Multivariate Forecasts: Beijing Multi-Site Air-Quality Data

We’ll demonstrate several features of torchcast using a dataset from the UCI Machine Learning Data Repository. It includes data on air pollutants and weather from 12 sites.

[2]:
df_aq = load_air_quality_data('weekly')

SPLIT_DT = np.datetime64('2016-02-22')

df_aq
loading from gh...
[2]:
week station PM2p5 PM10 SO2 NO2 CO O3 TEMP PRES DEWP RAIN WSPM
0 2013-02-25 Aotizhongxin 38.263889 57.791667 36.541667 56.750000 958.236111 37.583333 2.525000 1022.777778 -15.666667 0.0 2.130556
1 2013-02-25 Changping 31.986111 47.152778 31.870773 44.969203 870.355072 45.925725 1.915278 1019.633333 -16.231944 0.0 1.475000
2 2013-02-25 Dingling 28.083333 37.816919 15.955314 34.916667 627.838164 49.222222 1.915278 1019.633333 -16.231944 0.0 1.475000
3 2013-02-25 Dongsi 45.083333 60.680556 31.687198 60.160024 1165.036836 43.635870 2.268056 1024.697222 -16.913889 0.0 1.775000
4 2013-02-25 Guanyuan 38.472222 55.208333 35.467995 62.855676 1075.746981 38.277778 2.525000 1022.777778 -15.666667 0.0 2.130556
... ... ... ... ... ... ... ... ... ... ... ... ... ...
2515 2017-02-27 Nongzhanguan 46.807359 76.195652 13.304348 56.108696 1032.608696 41.152174 9.647917 1016.014583 -9.964583 0.0 1.787500
2516 2017-02-27 Shunyi 47.020833 58.625000 13.750000 61.791667 1033.333333 40.750000 8.289583 1016.695833 -8.525000 0.0 1.827083
2517 2017-02-27 Tiantan 43.662500 70.429167 10.577273 64.052381 1012.954545 37.800000 9.647917 1016.014583 -9.964583 0.0 1.787500
2518 2017-02-27 Wanliu 36.979167 60.750000 12.663949 65.371377 1061.322464 35.964015 8.868750 1014.450000 -9.300000 0.0 1.558333
2519 2017-02-27 Wanshouxigong 39.550595 55.199405 9.835404 57.981366 993.788820 37.146998 9.647917 1016.014583 -9.964583 0.0 1.787500

2520 rows × 13 columns

Univariate Forecasts

Let’s try to build a model to predict total particulate-matter (PM2.5 and PM10).

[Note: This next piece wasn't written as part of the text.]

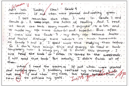 写作部分教师让学生讨论作者的写作目的以及为了实现写作目的作者是如何做的。学生总结出作者使用了“举例子”的方法,教师接着让学生再举一个生活中的例子,与同伴讨论并写下来,然后用多媒体展示学生作品。如图3所示学生作品,共包含两个自然段,第一段介绍了学生自己读书的实例,第二段点明文章中心句“Life is too short for ifs and whens”。
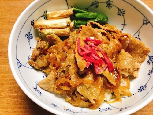お腹いっぱい満足度の高い「丼物」。肉と一緒にごはんをかき込むと、まずは脂身のコクがじゅわっと広がる豚肉のうま味と甘味がやってくる。次に玉ねぎがとろとろに煮詰まっていて甘い! 肉のコクと玉ねぎの甘さの濃い目のつゆがしみ込んだごはんも最後の一粒…

First, we’ll make our target the sum of these two types. We’ll log-transform since this is strictly positive.

[3]:
from torchcast.process import LocalTrend, Season

# create a dataset:
df_aq['PM'] = df_aq['PM10'] + df_aq['PM2p5']
df_aq['PM_log10'] = np.log10(df_aq['PM'])
dataset_pm_univariate = TimeSeriesDataset.from_dataframe(
    dataframe=df_aq,
    dt_unit='W',
    measure_colnames=['PM_log10'],
    group_colname='station',
    time_colname='week'
)
dataset_pm_univariate_train, _ = dataset_pm_univariate.train_val_split(dt=SPLIT_DT)

# create a model:
kf_pm_univariate = KalmanFilter(
    measures=['PM_log10'],
    processes=[
        LocalTrend(id='trend'),
        Season(id='day_in_year', period=365.25 / 7, dt_unit='W', K=5, fixed=True)
    ]
)

# fit:
kf_pm_univariate.fit(
    dataset_pm_univariate_train.tensors[0],
    start_offsets=dataset_pm_univariate_train.start_datetimes
)
[3]:
KalmanFilter(processes=[LocalTrend(id='trend'), Season(id='day_in_year')], measures=['PM_log10'])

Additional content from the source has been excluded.